CSF biomarker panels for specific diagnosis of FTD. A) Receiver operating characteristic (ROC) curves depict the performance of 14 CSF biomarker panel discriminating FTD from controls. Black line is the mean area under the curve (AUC) overall re-samplings (1000 repeats of 5-fold cross-validation, grey lines). B) Forest plot shows the different AUC and 95% confidence interval for the 14 and 13 CSF biomarker panels, and NFL to discriminate between FTD and controls (blue) or AD (red). C) Correlation matrix heatmap representing the Spearman’s correlation coefficient in-between the proteins selected in each panel, MMSE score, and FTLD-CDR scores in the total cohorts, and in a subset of the FTD group (n = 62). ROC curves depict the performance of 13 CSF biomarker panel discriminating FTD from AD (D) and FTLD-Tau from FTLD-TDP (E). Forest plot shows the different AUC and 95% confidence interval for the 10 CSF biomarker panels, and pTau/tTau ratio to discriminate between neuropathological subtypes (purple), subtypes that are genetic and/or autopsy confirmed (brown), subtypes which are genetic confirmed (coral), and subtypes which are autopsy confirmed (beige).

Figure 4.

Development and validation of custom CSF biomarker panels for FTD diagnosis in independent cohorts.
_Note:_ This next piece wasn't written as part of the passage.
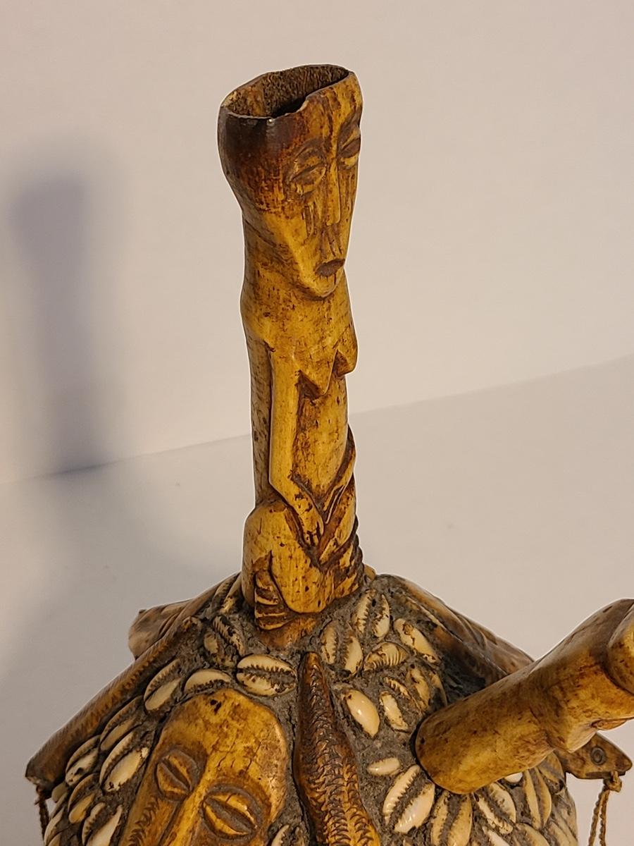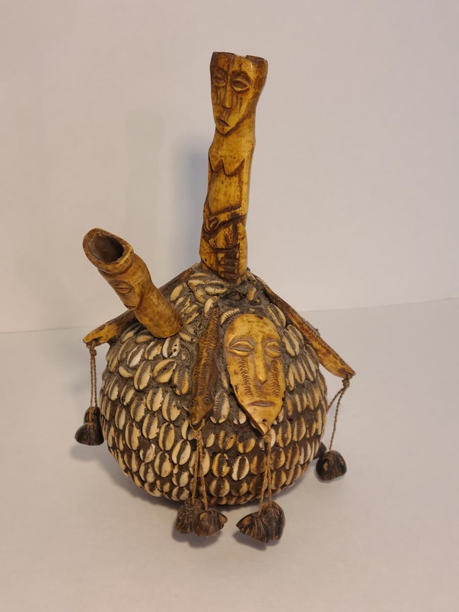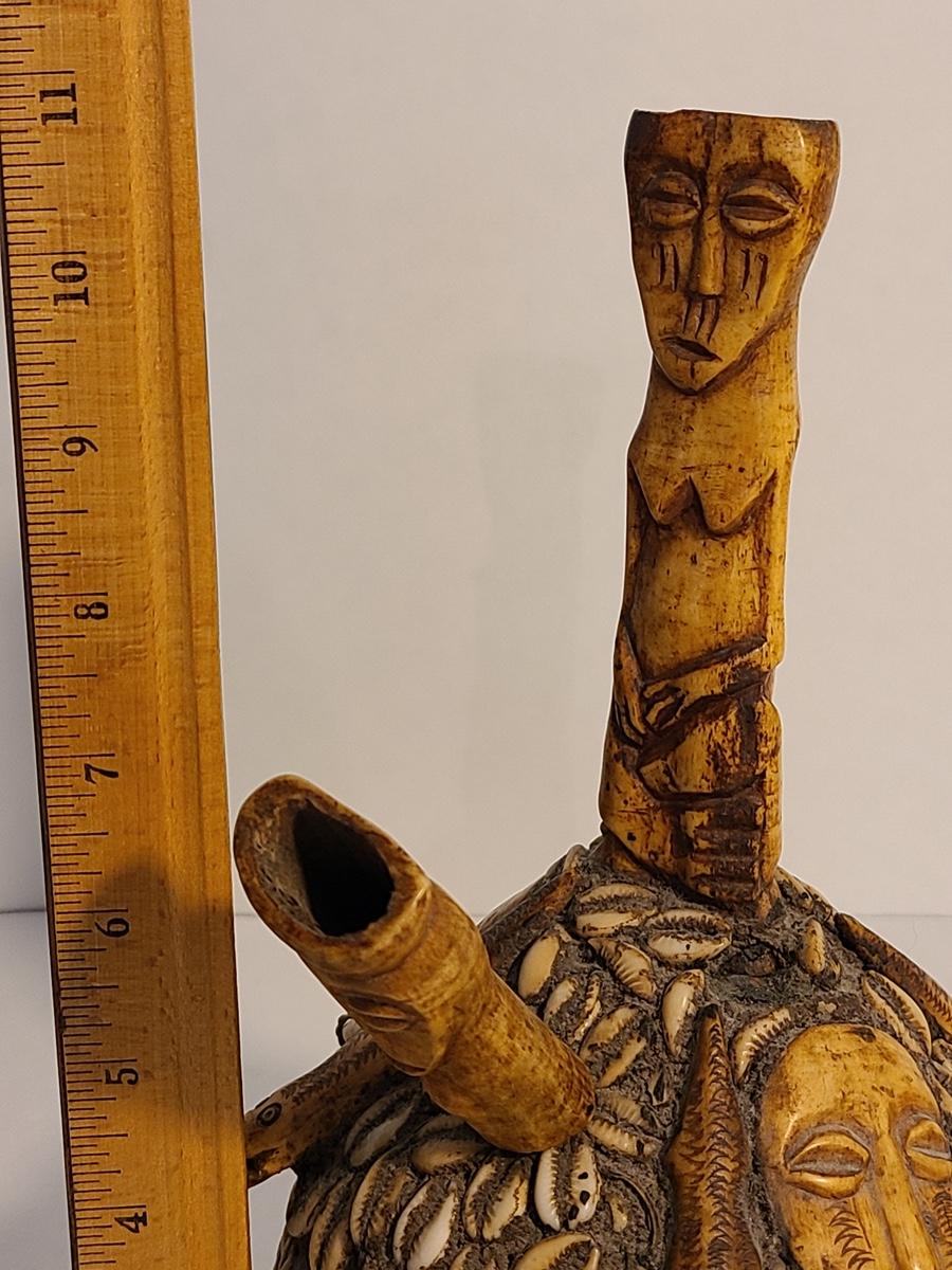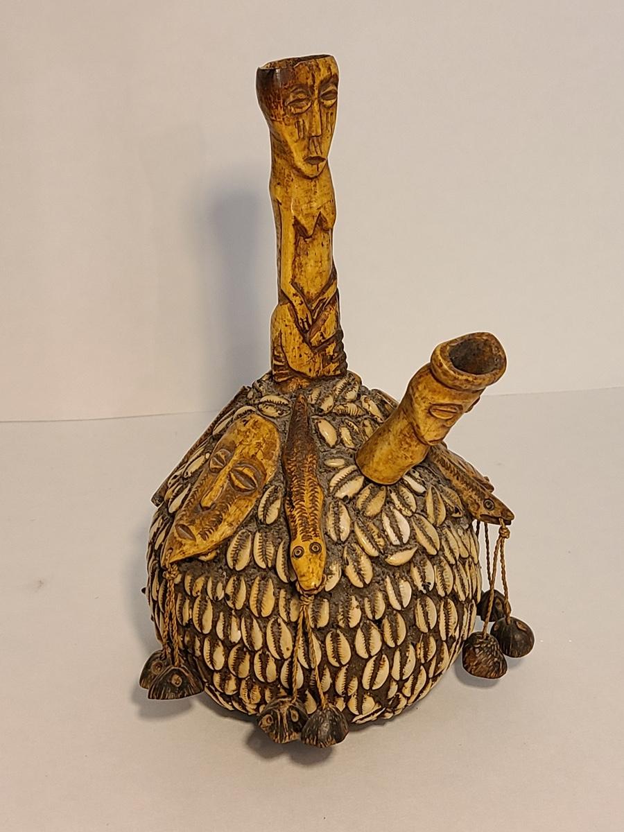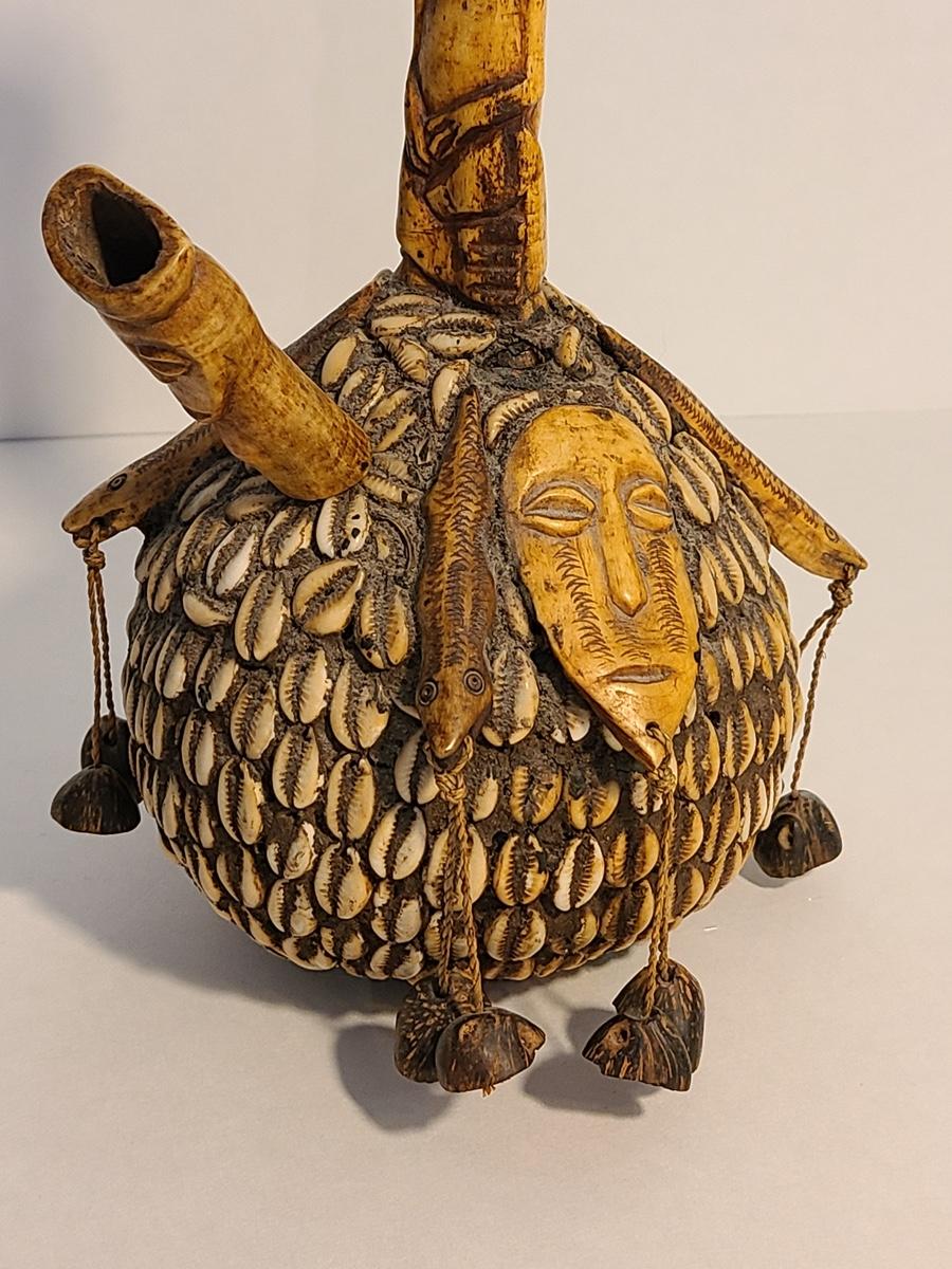 This unique item is most likely a vintage water bottle or form of water pipe made in Africa, out of mud, bone, and shells. Designed with a body on top, faces and snakes on side. Most likely the central part is a gourd. Only two others found on line for reference. Please see all pictures as they are the best representation of the items. The pictures show condition, measurements if taken, and what is included in the lot. Due to the large amount that we photograph and the time frame, we are not always able to take measurements. All items unless noted, are pre-owned and have been used. If you purchased furniture, you must bring help. We do not allow one person to carry large furniture out on their own. Bring help, tools and a truck for the safety of our client’s homes, and your personal safety. Company policy. Thank you.

A) Lollipopplots depict the beta-coefficients obtained in the discovery phase in parallel to the beta-coefficients of the custom assays in clinical validation cohorts 1 and 2 and the autopsy cohort. Grey dots shows proteins that did not remain significant after correction for multiple testing. B) Receiver operating characteristic (ROC) curves showing the performance of the CSF biomarker panel discriminating FTD from controls or AD using the custom assays across the two clinical and one autopsy validation cohort. Inserts outline corresponding AUC and 95% CI. C) Forest plots depict the different AUC and 95% CI obtained with the CSF FTD biomarker panels or CSF NfL in the comparison between FTD and controls (blue) or AD (red).